Even statues on church grounds are a target. St. Patrick’s Church in Joliet, Illinois, reported that vandals destroyed a small statue of the Blessed Virgin in front of the parish rectory during the night on June 23. The church pledged to replace the statue and build a grotto to protect it in the future. “We ask that you take this as a call to pray even more fervently for the conversion of hearts,” a representative of the church said on the church’s Facebook page.

National news outlets reported on San Francisco Archbishop Salvatore Cordileone’s prayer service and exorcism in Golden Gate Park at the site of a destroyed statue of St. Junípero Serra. Archbishop Cordileone said the service was in response to “an act of sacrilege.”

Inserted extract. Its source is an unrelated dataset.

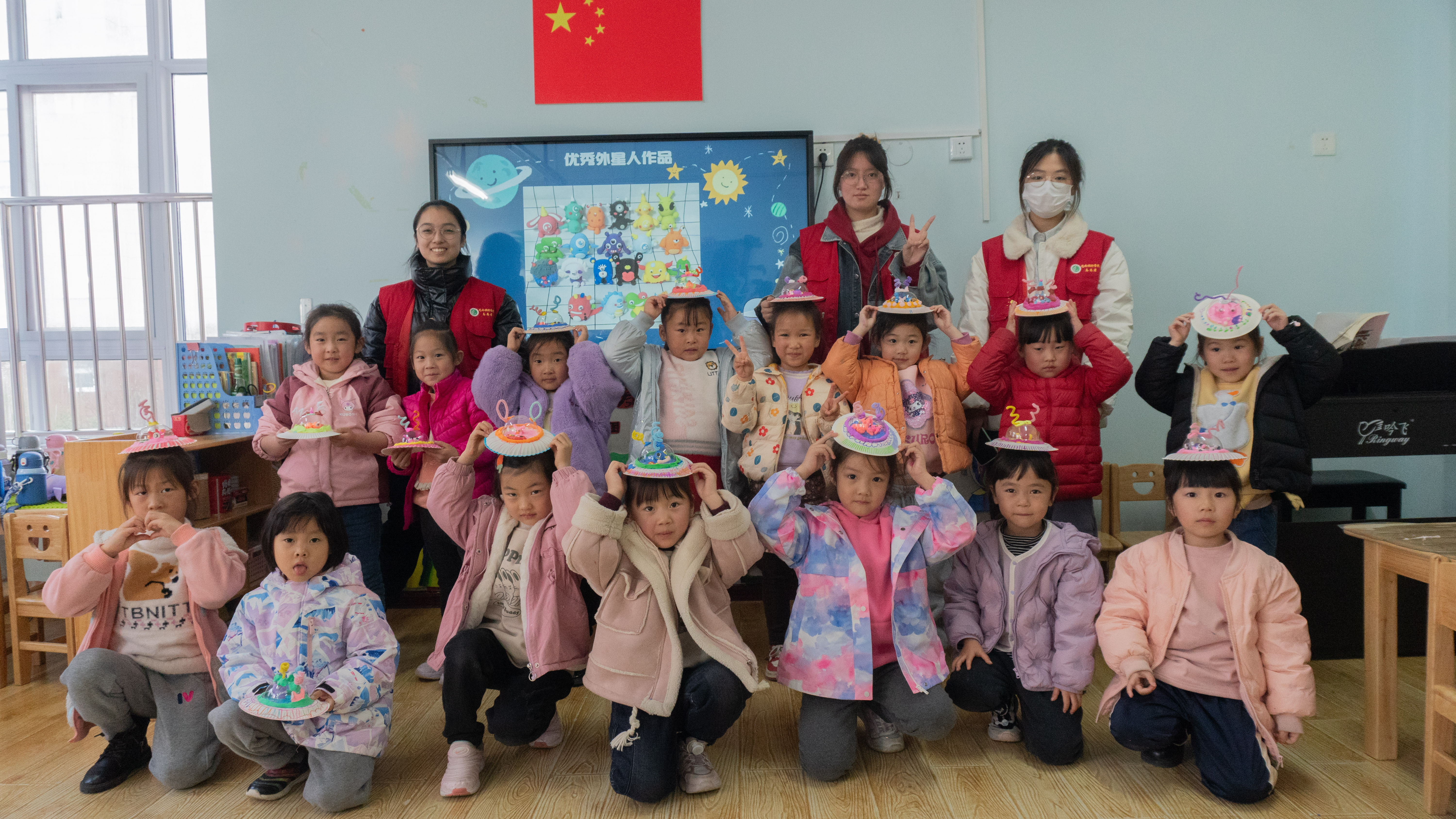 到达梅园路幼儿园后,在园长的带领下,志愿者们依次进入自己所负责的班级开展活动。经过短暂的交流与互动,志愿者们开始向小朋友们传授知识。首先,志愿者们引导小朋友们对太空外星人进行幻想,并拿出自己提前做好的成品向孩子们展示,小朋友们兴奋的围在桌前,眼中闪烁着无限想象。接着志愿者们耐心细致的向小朋友们介绍了制作步骤,小朋友们便迫不及待的开始制作属于自己的小飞船。

If once is a fluke, twice is coincidence, and three times is enemy action, we have more than enough evidence to prove that the new iconoclasts are bitter enemies of the Church. Like the original heresy, this conflict is primarily spiritual, and those clergy and laymen who are deploying the weapons of prayer and fasting prescribed by Our Lord are taking exactly the right steps.
You can tell by the enemy’s response.

In St. Louis, vandals and Catholics clashed at the base of a statue of the city’s namesake. After Muslim convert and political activist Umar Lee created a petition to have the statue removed, the Gateway Pundit, a conservative blog, announced a public Rosary in support of St. Louis and the statue. Lee then announced a counterprotest, calling those planning to attend the prayer event “White Nationalists.”

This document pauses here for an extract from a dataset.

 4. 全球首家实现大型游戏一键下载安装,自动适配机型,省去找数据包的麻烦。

It should be clear by now that the Death Cult labels anyone who won’t apostatize and join its heretical rebellion a White Nationalist/White Supremacist/Nazi. Like their father below, lying is their only tactic.
Fallen human nature being what it is, that tactic usually works. One case in which it doesn’t is when the Cult deploys its usual slanders against peaceful members of the religion it’s a heretical parody of as they humbly pray.
Smearing centuries-old Christian practices as white nationalism comes off as laughably absurd to all but the most hardened Cultists. Not even normies who blacked out their Instagram avis buy it. The net effect of Lee’s accusation was to make his mob of iconoclasts look deranged.
Unfortunately, Satan always seeks to sow division, even among those with good intentions.
Now, Dr. Jones is a consummate scholar and Christian gentleman. Few in the public sphere today can match him as a dialectician.
None of which matters, since having a dialectical debate with Lee will accomplish nothing but to give Lee a convenient high-profile target to paint with the Nazi brush.
In case you’ve been living in a cave, the Death Cult controls public morality now. They enforce their control by holding mystery plays and inviting audience members to don the black cape and twirly mustache.
Intelligent though he is, Jones hails from an older generation that finds the new rules difficult to accept. He can be forgiven for not seeing Lee’s debate challenge as the trap it is. The general rule governing such situations still applies: 
Don’t take the bait.
The urge to rush out and confront the Christ-haters is tempting. The slow, humble work of prayer and penance isn’t glamorous. But the latter is the correct way to deal with spiritual evil. Playing the Cult’s game by their rules just gives them a nonbeliever to rally against and a scalp to display afterward.
Repent, pray, fast, and don’t fund people who hate you.